-------- Data excerpt --------
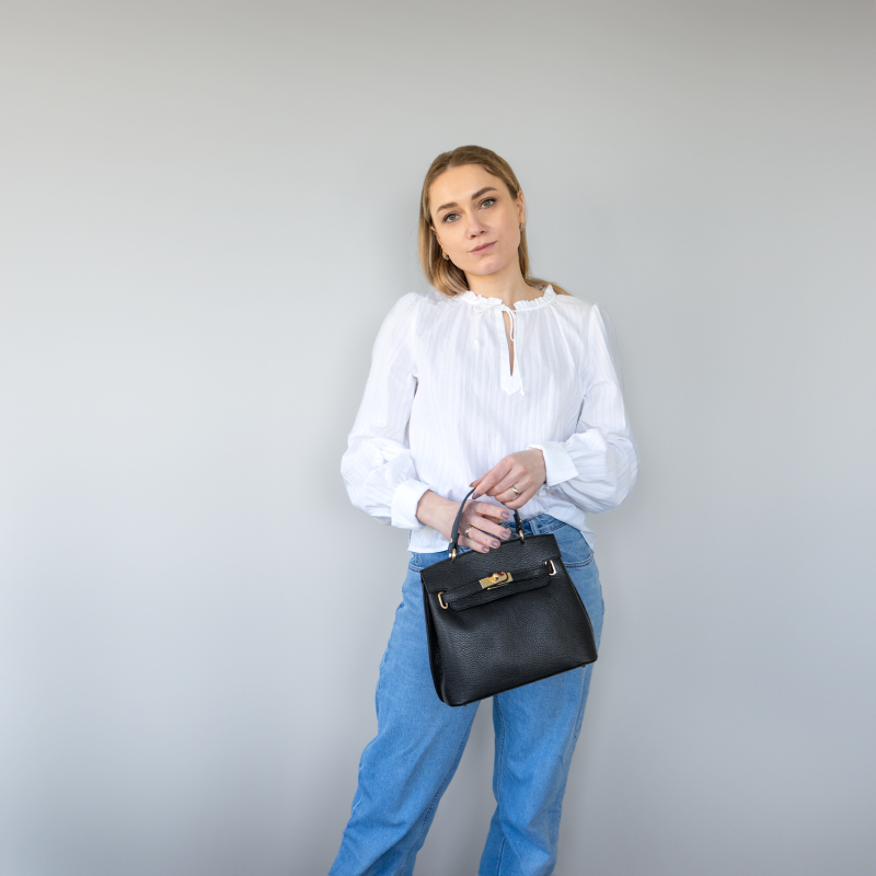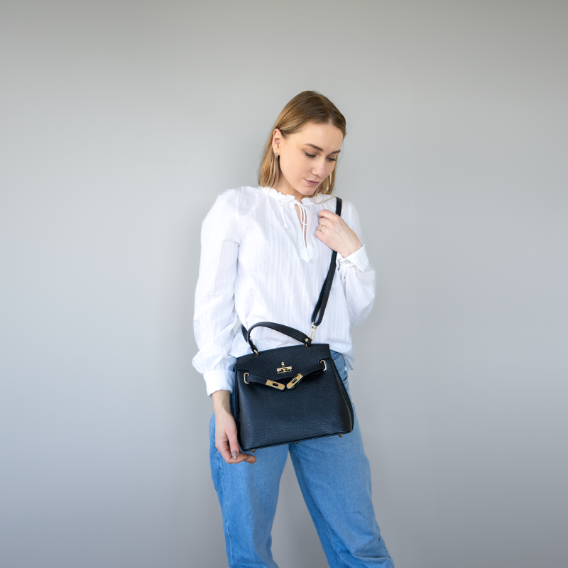 Rivoli i läder är en stilren och tidlös väska i äkta läder som ger en fin struktur och ett exklusivt uttryck. Insidan är klädd i saffianoläder och har en liten ficka med dragkedja för extra funktionalitet. Den kompakta storleken och locköppningen gör den både smidig och elegant. Kan bäras i handen eller med den medföljande axelremmen. En chic väska som passar både till vardag och fest.
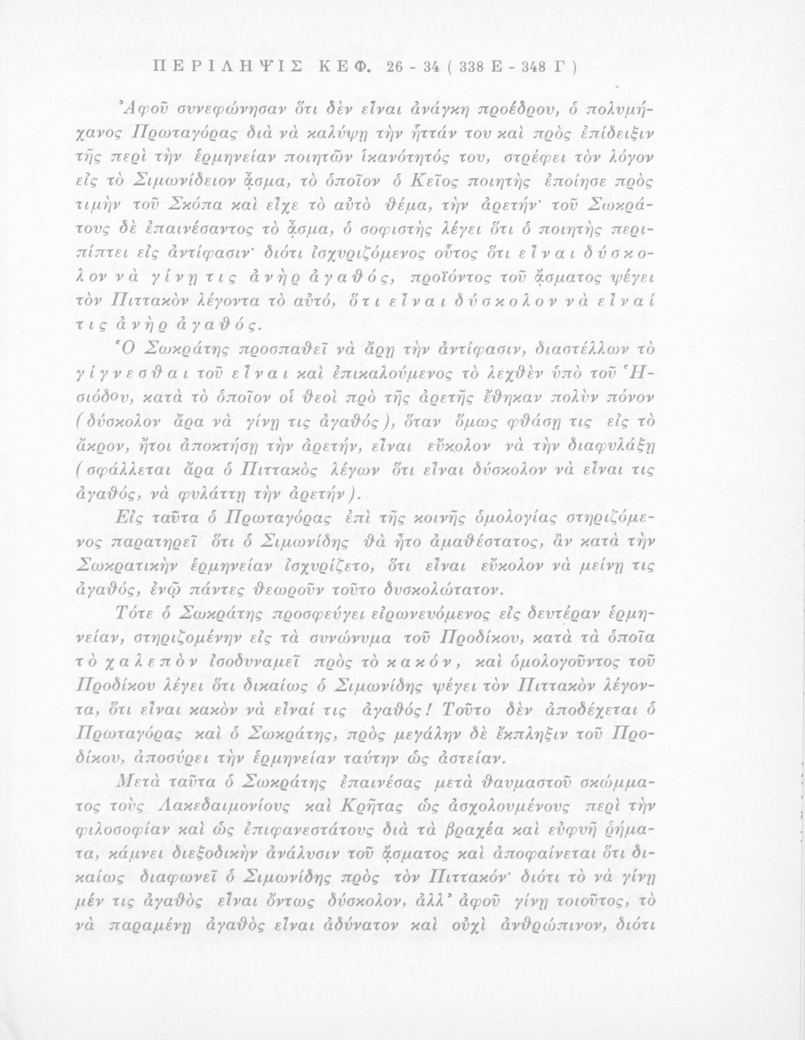 Σχολικό εγχειρίδιο Αρχαίων Ελληνικών για τη ΣΤ΄ τάξη των Εξαταξίων Γυμνασίων που περιλαμβάνει σύντομο βιογραφικό του Πλάτωνα, εισαγωγή στο έργο του, αποσπάσματα από τον Πρωταγόρα και ερμηνευτικές σημειώσεις.
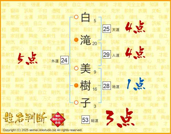 白滝美樹子さんの天運は25画の4点!
--------
■ What is expected
Write the listing above out again exactly, dropping each image.

■ Your response
 Rivoli i läder är en stilren och tidlös väska i äkta läder som ger en fin struktur och ett exklusivt uttryck. Insidan är klädd i saffianoläder och har en liten ficka med dragkedja för extra funktionalitet. Den kompakta storleken och locköppningen gör den både smidig och elegant. Kan bäras i handen eller med den medföljande axelremmen. En chic väska som passar både till vardag och fest.
 Σχολικό εγχειρίδιο Αρχαίων Ελληνικών για τη ΣΤ΄ τάξη των Εξαταξίων Γυμνασίων που περιλαμβάνει σύντομο βιογραφικό του Πλάτωνα, εισαγωγή στο έργο του, αποσπάσματα από τον Πρωταγόρα και ερμηνευτικές σημειώσεις.
 白滝美樹子さんの天運は25画の4点!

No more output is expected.